Microsoft posts revenue of $20.6 billion USD in its fourth quarter

Microsoft has posted a surprising revenue of $20.6 billion USD in the fourth quarter of its 2016 financial year largely due to the success of Windows 10.

As Basil Fawlty once opined ‘don’t mention the war’, don’t mention Windows Phone. Microsoft has posted a $20.6 billion USD revenue in the fourth quarter of its 2016 financial year, which is a decline of 7% year-on-year.
The company, however, achieved an operating income of $3.1 billion USD, compared to the $2.1 billion dollars it lost in the same period last year. The firm’s net income of $16.8 billion is up 38% compared to the company’s fourth financial quarter last year.
Read: Windows Phone market share is now officially below 1%
Microsoft reported year-on-year growth across every product segment and noted the successes of its Cloud business – most noticeably Office 365 and Azure, which showed the largest gains.

Unpacking the report

Exploring Microsoft’s reporting segments, which are divided into three fields – Productivity and Business Processes (Office, Exchange, SharePoint, Skype, and Dynamics), Intelligent Cloud (including Azure, Windows Server, SQL Server, Visual Studio, and Enterprise Services), and More Personal Computing (Windows, hardware, Xbox, search, and advertising), the report revealed that:

  • Productivity and Business Processes posted a revenue of $7 billion, up 5%, with an operating income of $3 billion, down 5%.
  • Intelligent Cloud revenue reached $6.7 billion, up 7%, with an operating income of $2.2 billion, down 17%.
  • More Personal Computing reported a revenue of $8.9 billion, down 4%, with a surprising operating income of $1.0 billion, up a massive 59%.
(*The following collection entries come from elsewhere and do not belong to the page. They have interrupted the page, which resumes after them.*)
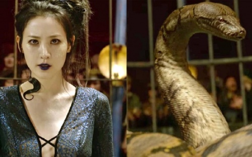 最后一位,纳吉尼。没错,就是大魔王身边的那条蛇。但其实在上个世纪,纳吉尼还是拥有人形态的。她受到了血的诅咒,会在一段时间在人兽之间随意变化,最后永久的变为蛇。格林德沃失败后,纳吉尼遇到了汤姆·里德尔,其中的故事我们不得而知。但是可以大胆猜测一下,变成蛇之后的纳吉尼彻底失去了作为人时候的能力,没有了可以沟通交流的伙伴,孑然一身。而设定里大魔王是会蛇语的,所以纳吉尼的追随看起来也是非常的合理。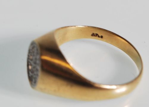 An English hallmarked 9ct gold ring having an oval head illusion set with white stones. Hallmarked London 1982. Weight 5.0g. Size Q.5.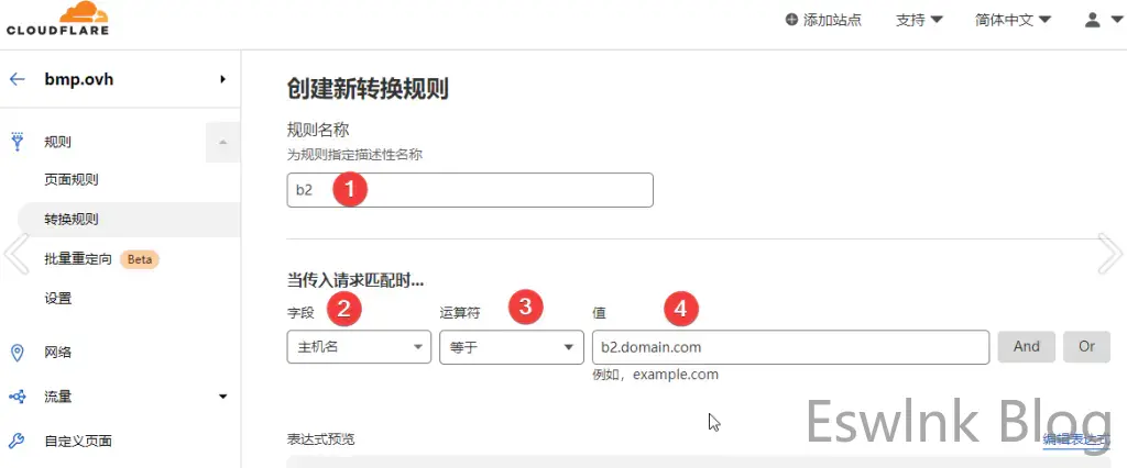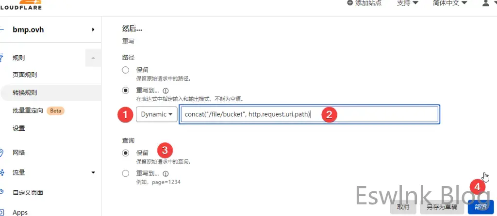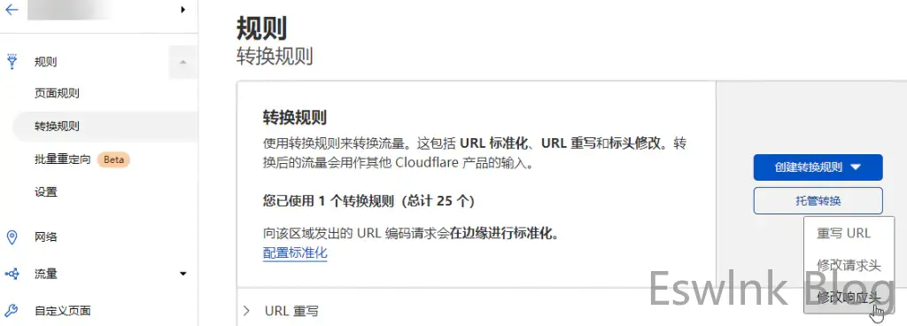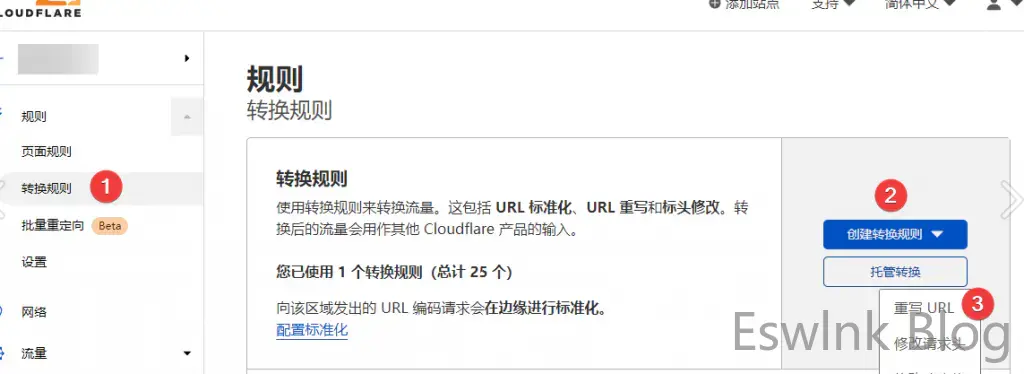 CloudFlare后台 – 规则 – 转换规则 – 创建转换规则 – 重写URL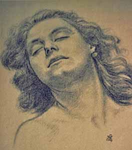 Porträt von A.A. mit geschlossenen Augen, 1943, Maße: 28 x 30 cm, Zeichnung, Kohle auf beigem Karton, sign. u. dat. ru "WA 1943 ", Erbengem. Arndt - Reg.-Nr.: Z 43 - 31/21 - 08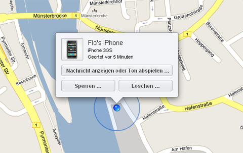 Die iPhone-suchen Web-App rückt verstärkt die Kartenansicht in den Vordergrund, die nach wie vor auf GoogleMaps basiert. Konnte das Gerät geortet werden, stehen einem auch weiterhin die Möglichkeiten zur Anzeige einer Nachricht, zum Abspielen eines Sounds, zur Sperrung und zur kompletten Löschung des Geräts zur Verfügung.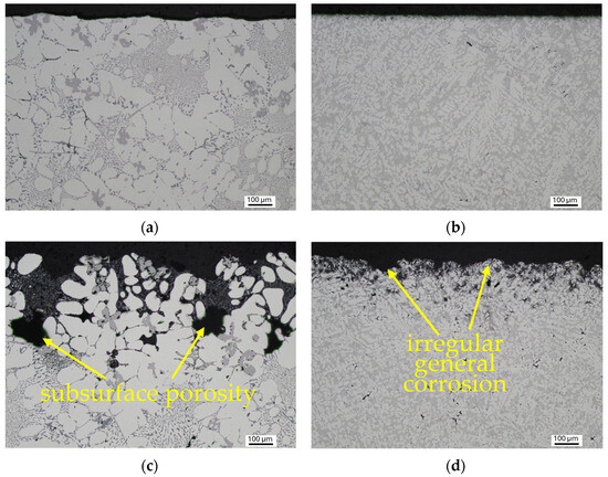 The weighing results were further validated by examining of the sample surfaces after the Audi test (Figure 14). Alloy A samples exhibit a greater extent of corrosion (Figure 14a). Upon closer inspection at higher magnification, general corrosion of the entire surface is observed. However, the surface of the specimen is attacked irregularly (Figure 14c). Corrosion initiation occurs where the protective oxide layer has been disrupted, particularly in the eutectic region, while the alpha-phase dendrites show better corrosion resistance. Irregular general corrosion is also visible on the surface of Alloy B (Figure 14b,d). Compared to Alloy A, there are fewer initiation points in this alloy with a damaged protective layer. The corrosion attack is less extensive and there is no significant penetration into the material.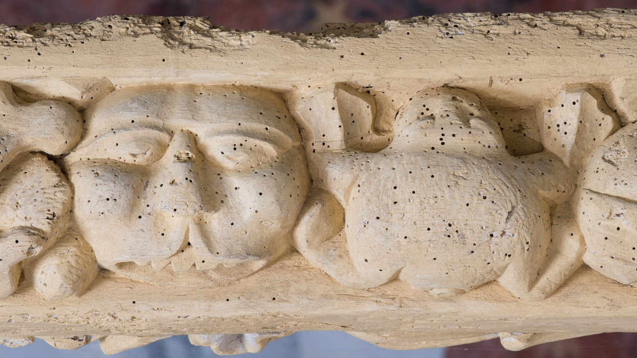 Face ouest de l'entrait du choeur : tête de monstre.Immatriculation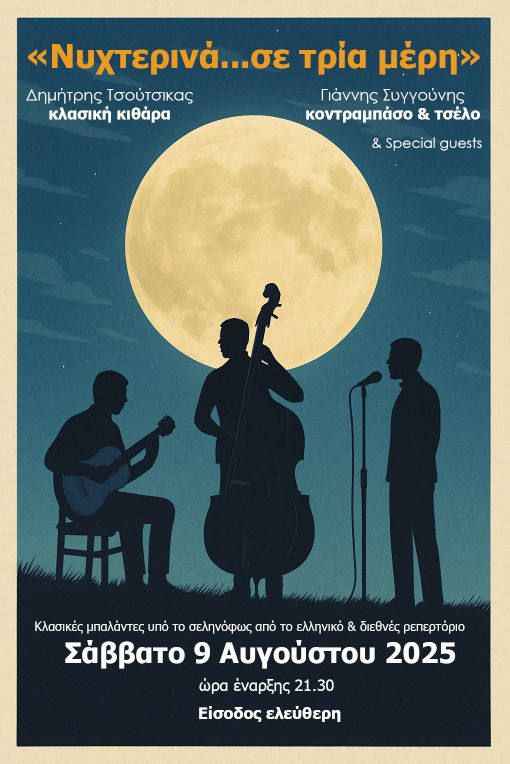 3ο μέρος: Κιθάρα, Τσέλο/Κοντραμπάσο & Φωνή, κλασικές μπαλάντες υπό το σεληνόφως από το ελληνικό & διεθνές ρεπερτόριο.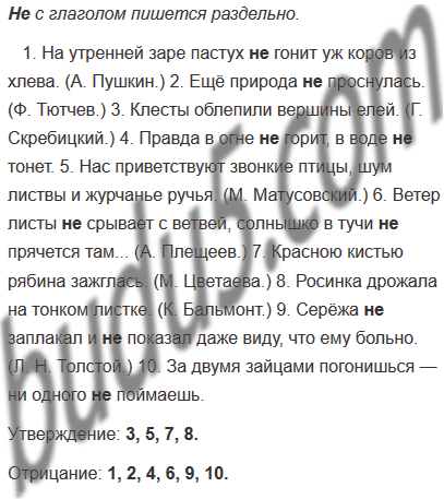 1. На утренней заре пастух (не)гонит уж коров из хлева. (А. Пушкин.) 2. Ещё природа (не)проснулась. (Ф. Тютчев.) 3. Клесты облепили вершины елей. (Г. Скребицкий.) 4. Правда в огне (не)горит, в воде (не)тонет. 5. Нас приветствуют звонкие птицы, шум листвы и журчанье ручья. (М. Матусовский.) 6. Ве1ер листы (не)срывает с ветвей, солнышко в тучи (не) прячется там... (А. Плещеев.) 7. Красною кистью рябина зажглась. (М. Цветаева.) 8. Росинка дрожала на тонком листке. (К. Бальмонт.) 9. Серёжа (не)заплакал и (не)показал даже виду, что ему больно. (Л. Н. Толстой.) 10. За двумя зайцами погонишься — ни одного (не)поймаешь.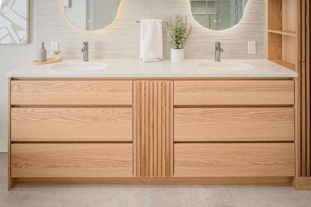 Cette salle de bain haut de gamme au design contemporain, où le chêne blanc naturel et les matériaux nobles créent une ambiance douce et apaisante.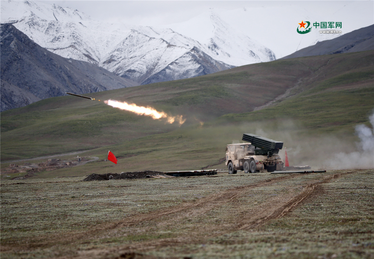 某型火箭炮实弹射击。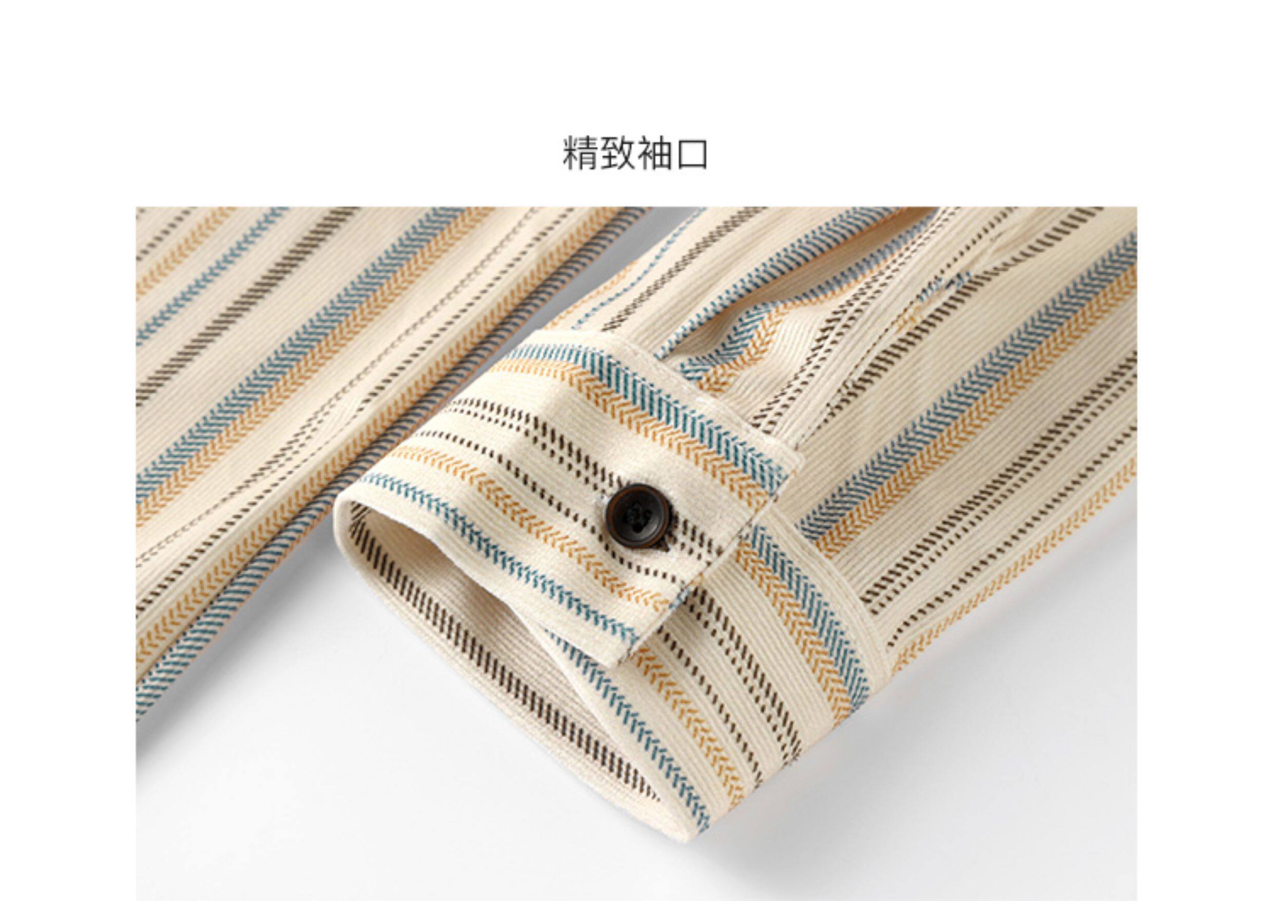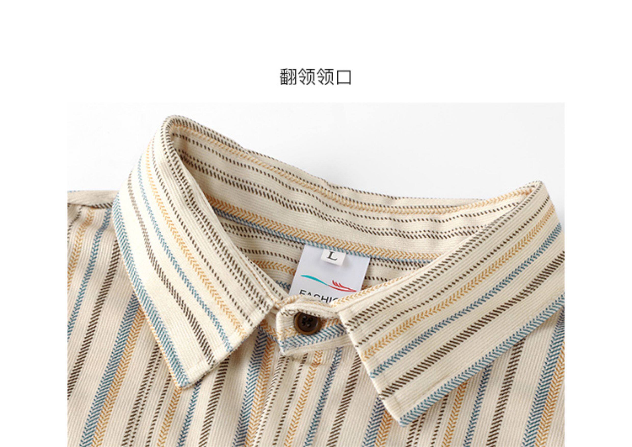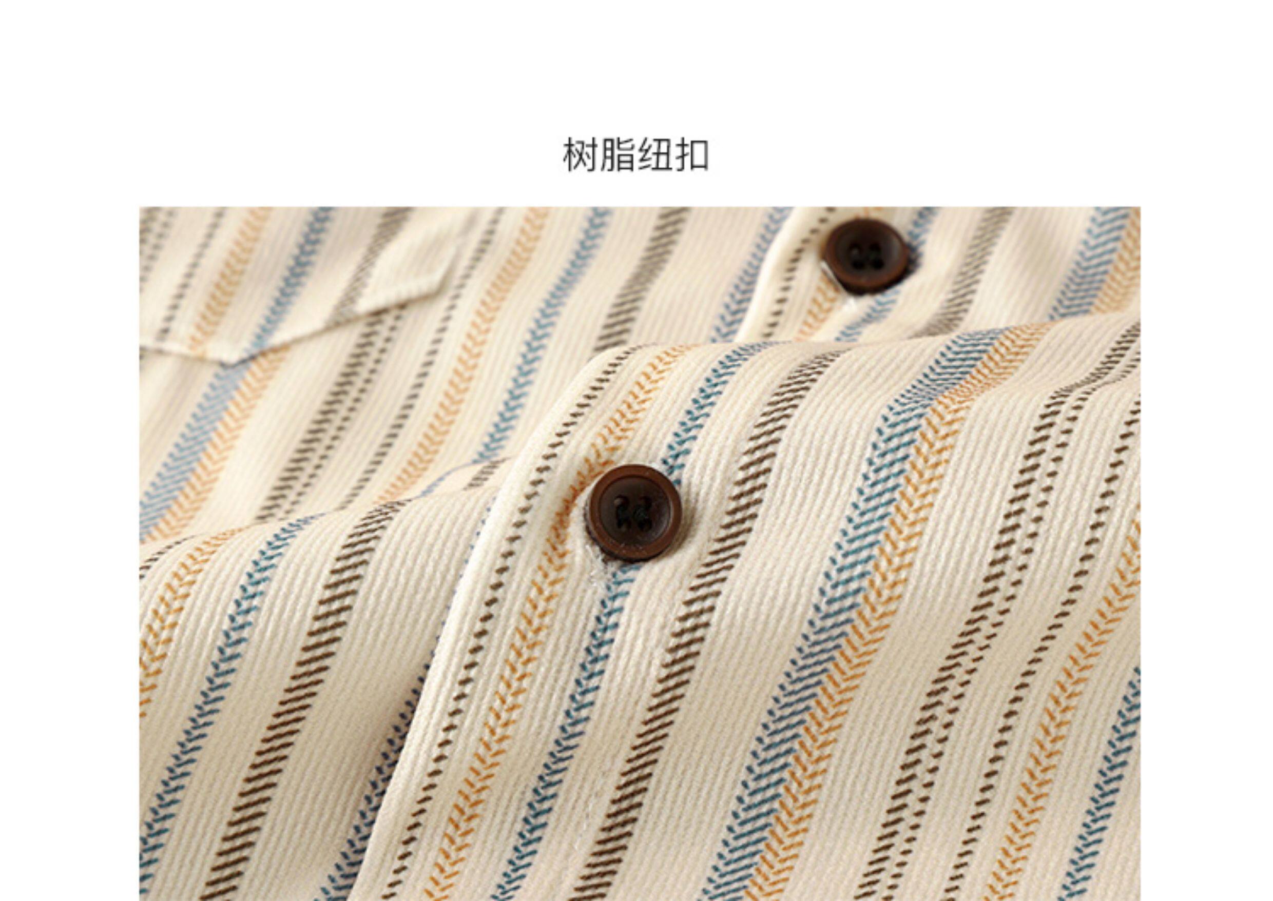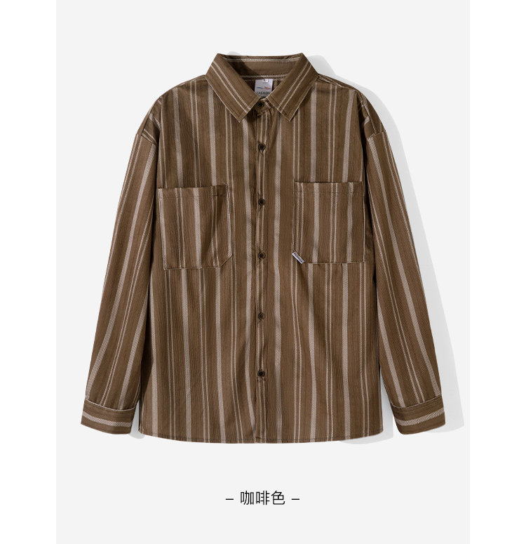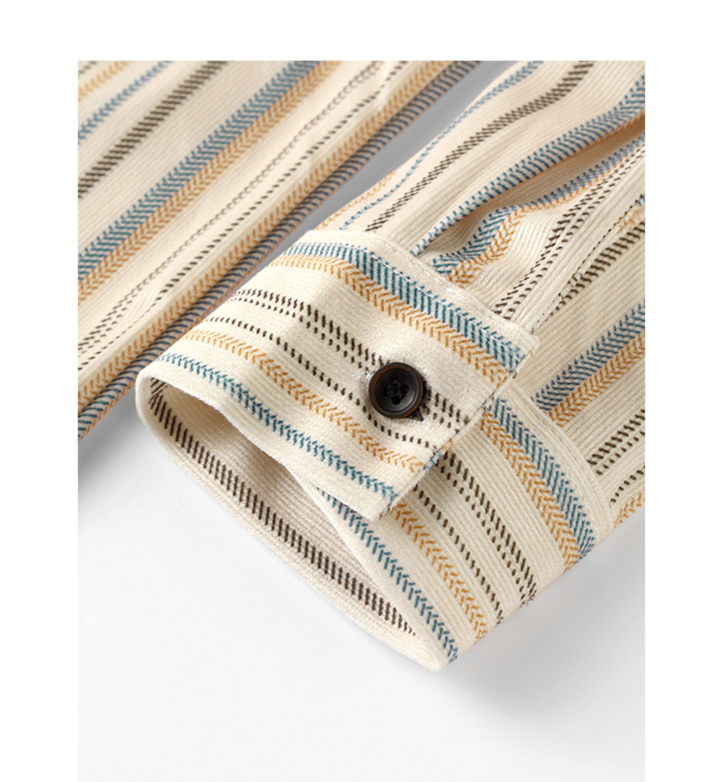 藝術生穿搭!杏色條紋襯衫女復古燈芯絨重磅高質感寬鬆休閒外套男

The latter success is a complicated event; the report shows that consumer sales (non-Pro Windows revenue) was up by 27%, while professional Windows revenue (corporate sales) was up by just 2%.
The company continues to hemorrhage on its device sales, with total hardware sales dropping by 35%, indicative of a 71% drop in phone sales. Surface revenue rose by 9%, and posted a yearly revenue of $4.1 billion dollars.
Xbox revenue fell by 9%, but revealed a growth in gaming hours (13% on the Xbox One, 19% on Windows 10) while Xbox Live grew to 49 million monthly active users.

Surprise, surprise

The world’s least favourite search engine, Bing, showed profitable results, and posted a revenue growth of 54%. The results show just how central Windows 10 and Cortana’s use of the search platform has been – over 40% of all Bing queries came from Windows 10 devices.
While Microsoft’s failures in its hardware business – Windows 10 Mobile, particularly – offset the growth seen in Windows and Bing, the results are a positive indication for the company, which increasingly is hedging its bets on the Cloud and its Windows Everywhere strategy.

A new hope

Should the firm proceed to introduce a Surface Phone to complement its lineup of Surface hybrid laptops, the company could move to recoup the loss it has seen on its Nokia acquisition should it produce a successful device. The move is a likely one, as Microsoft’s Corporate Vice President for Surface Computing, Panos Panay, recently stepped in to take over the company’s mobile hardware business.